Gentile Direttore,
ha ragione il responsabile della sanità di FdI a criticare lo standard di 1 Casa della Comunità (CdC) ogni 45-50mila abitanti; soluzione adatta alle aree urbane ad elevata densità ma non certo per i piccoli comuni delle zone rurali o della montagna, dove la MG continuerà ad essere un punto di riferimento per gli assistiti ivi residenti. Se si vuole realizzare concretamente una sanità di prossimità, adatta ai bisogni della popolazione, ai contesti geodemografici, orografici e alle risorse professionali disponibili conviene adottare una strategia incrementale a partire dall'esistente, più che una soluzione rigida, con un unico modulo calato top down su territori diversi per storia, risorse, contesti socioeconomici e culturali.
Strutture distribuite a pioggia in base a standard ragionieristici potrebbero rivelarsi le classiche cattedrali nel deserto sganciate dall’organizzazione territoriale esistente. I cittadini residenti in piccoli comuni disagiati o frazionati in vaste aree distante dalla Casa, dove risiede il 40% della popolazione, non potrebbero di fatto fruire dei servizi sociosanitari.
Inoltre ben difficilmente i MMG accetterebbero di lasciare i propri studi diffusi capillarmente, per confluire in una sorta di neo poliambulatori INAM. Con il rischio di costruire mega-strutture non di prossimità ma di distanza, di impianto burocratico, di difficile integrazione con la rete della MG e alle prese con problemi gestionali per carenza di figure professionali necessarie al pieno funzionamento, che mette a rischio il Pnrr come paventato dai Governatori regionali.
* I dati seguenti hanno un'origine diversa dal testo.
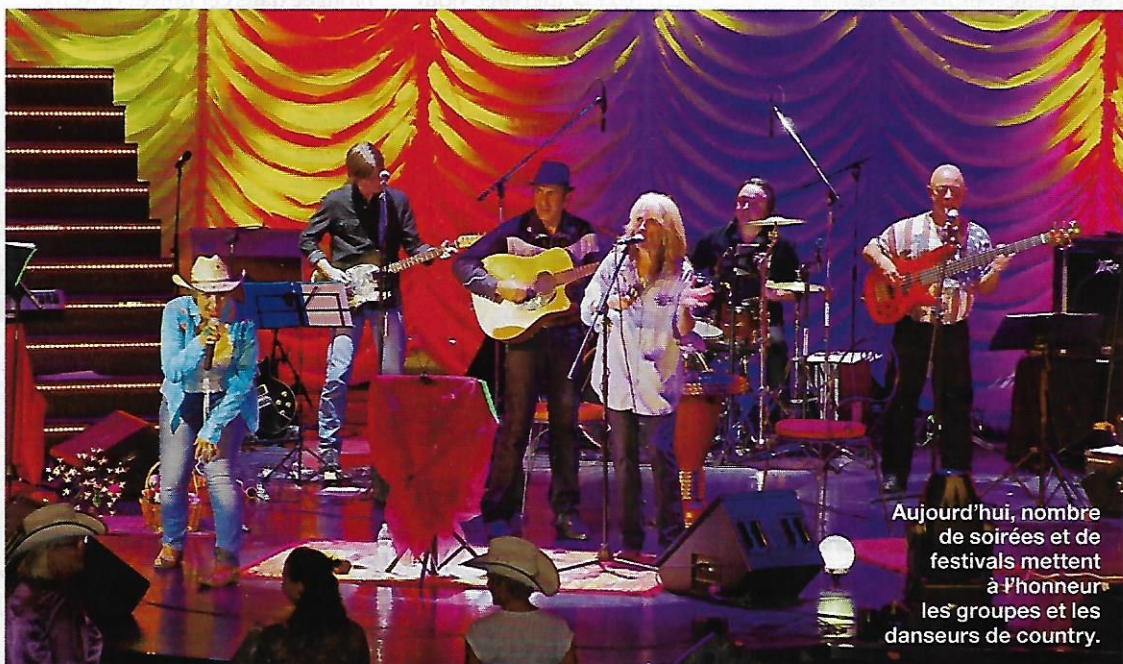
Aujourd'hui, nombre de soirées et de festivals mettent à l'honneur les groupes et les danseurs de country.

Ogni Missione deve rispettare il cronoprogramma concordato, con scadenze intermedie e finali, ovvero obiettivi trimestrali (milestone) e traguardi (target), mentre le istituzioni europee effettuano una verifica sulla progressione dei lavori 2 volte all’anno. Fino ad ora sono stati sottoscritti i contratti istituzionali di sviluppo per la realizzazione delle strutture e i finanziamenti comunitari vengono erogati in base al rispetto degli step attuativi predefiniti. Dopo la tranche di aprile (24,3 miliardi) e di agosto di (24,9 miliardi) giusto il 27 settembre la Commissione ha approvato la valutazione preliminare per il versamento di ulteriori 21 miliardi nei prossimi mesi.
Insomma non sarà facile convincere la UE a rivedere di sana pianta la Missione 6A; l'aereo è decollato dopo aver superato il punto di non ritorno e per deviarlo su una rotta alternativa si rischia di rallentare se non di bloccare il viaggio. Ma ne vale davvero la pena, in una fase politica ed economica epocale a dir poco turbolenta?